Each line from the top of the listing through the one holding "Our black tote" should be restated word for word, with nothing added and no pictures.
[[ DATA SEGMENT open ]]
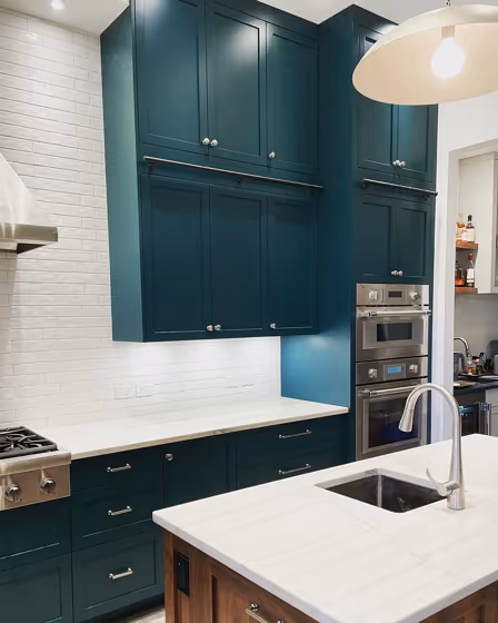 Want a stylish kitchen? View real-life photo examples of this fascinating cool hue is paired with backsplashes, countertops, and hardware.
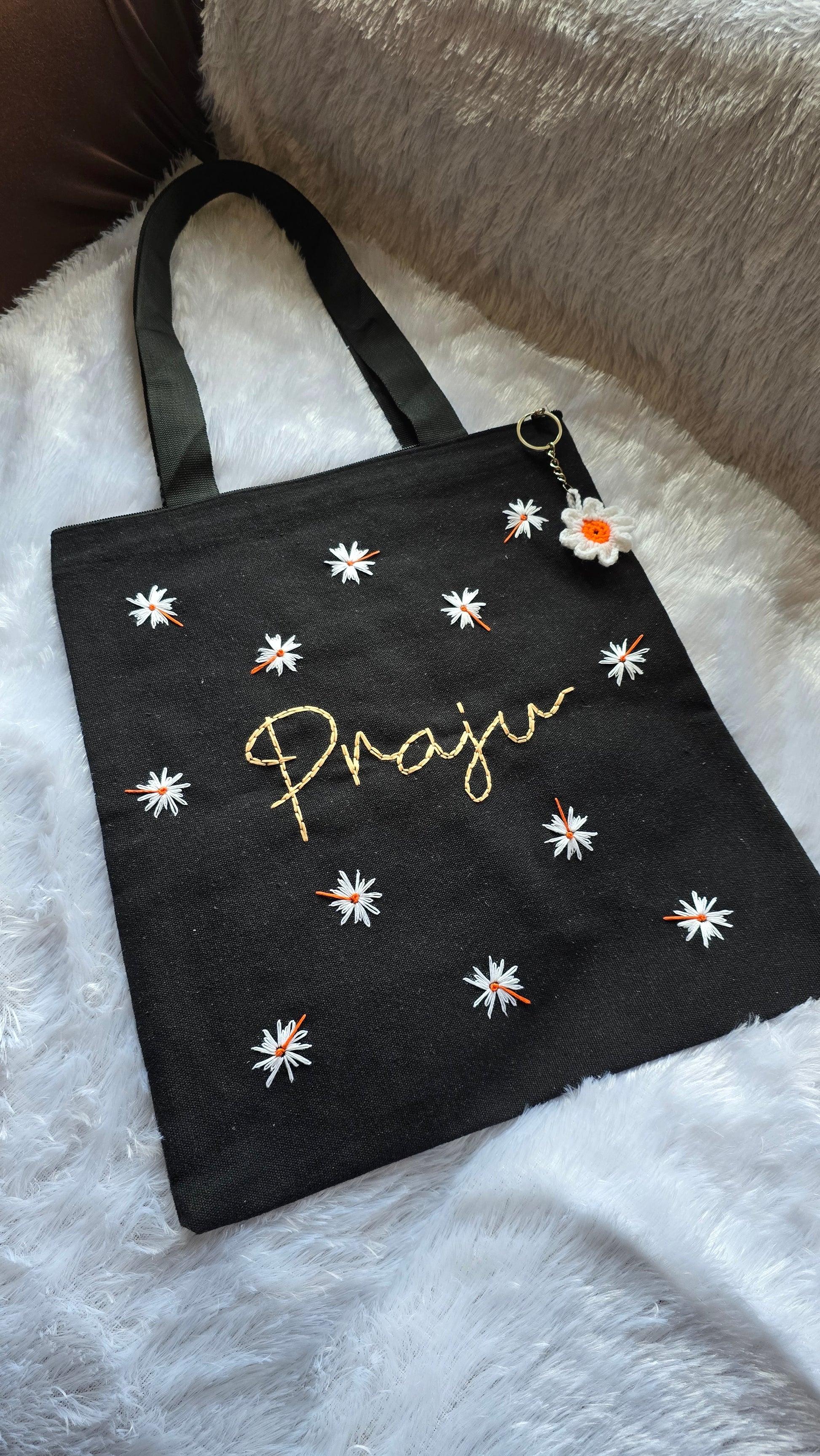 Our black tote bag blooms with charm ✨ and lets you add your own magic—customize with your name, initials, or favorite word 🌼🖤
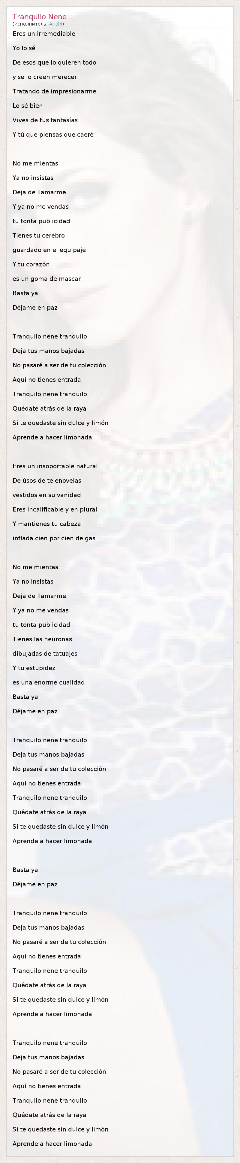Eres un irremediable Yo lo sé De esos que lo quieren todo y se lo creen merecer Tratando de impresionarme Lo sé bien Vives de tus fantasías Y tú que piensas que caeré No me mientas Ya no insistas Deja de llamarme Y ya no me vendas tu tonta publicidad Tienes tu cerebro guardado en el equipaje Y tu corazón es un goma de mascar Basta ya Déjame en paz Tranquilo nene tranquilo Deja tus manos bajadas No pasaré a ser de tu colección Aquí no tienes entrada Tranquilo nene tranquilo Quédate atrás de la raya Si te quedaste sin dulce y limón Aprende a hacer limonada Eres un insoportable natural De úsos de telenovelas vestidos en su vanidad Eres incalificable y en plural Y mantienes tu cabeza inflada cien por cien de gas No me mientas Ya no insistas Deja de llamarme Y ya no me vendas tu tonta publicidad Tienes las neuronas dibujadas de tatuajes Y tu estupidez es una enorme cualidad Basta ya Déjame en paz Tranquilo nene tranquilo Deja tus manos bajadas No pasaré a ser de tu colección Aquí no tienes entrada Tranquilo nene tranquilo Quédate atrás de la raya Si te quedaste sin dulce y limón Aprende a hacer limonada Basta ya Déjame en paz... Tranquilo nene tranquilo Deja tus manos bajadas No pasaré a ser de tu colección Aquí no tienes entrada Tranquilo nene tranquilo Quédate atrás de la raya Si te quedaste sin dulce y limón Aprende a hacer limonada Tranquilo nene tranquilo Deja tus manos bajadas No pasaré a ser de tu colección Aquí no tienes entrada Tranquilo nene tranquilo Quédate atrás de la raya Si te quedaste sin dulce y limón Aprende a hacer limonada
[[ DATA SEGMENT closed ]]
▶ ANSWER TO THIS TASK:
 Want a stylish kitchen? View real-life photo examples of this fascinating cool hue is paired with backsplashes, countertops, and hardware.
 Our black tote bag blooms with charm ✨ and lets you add your own magic—customize with your name, initials, or favorite word 🌼🖤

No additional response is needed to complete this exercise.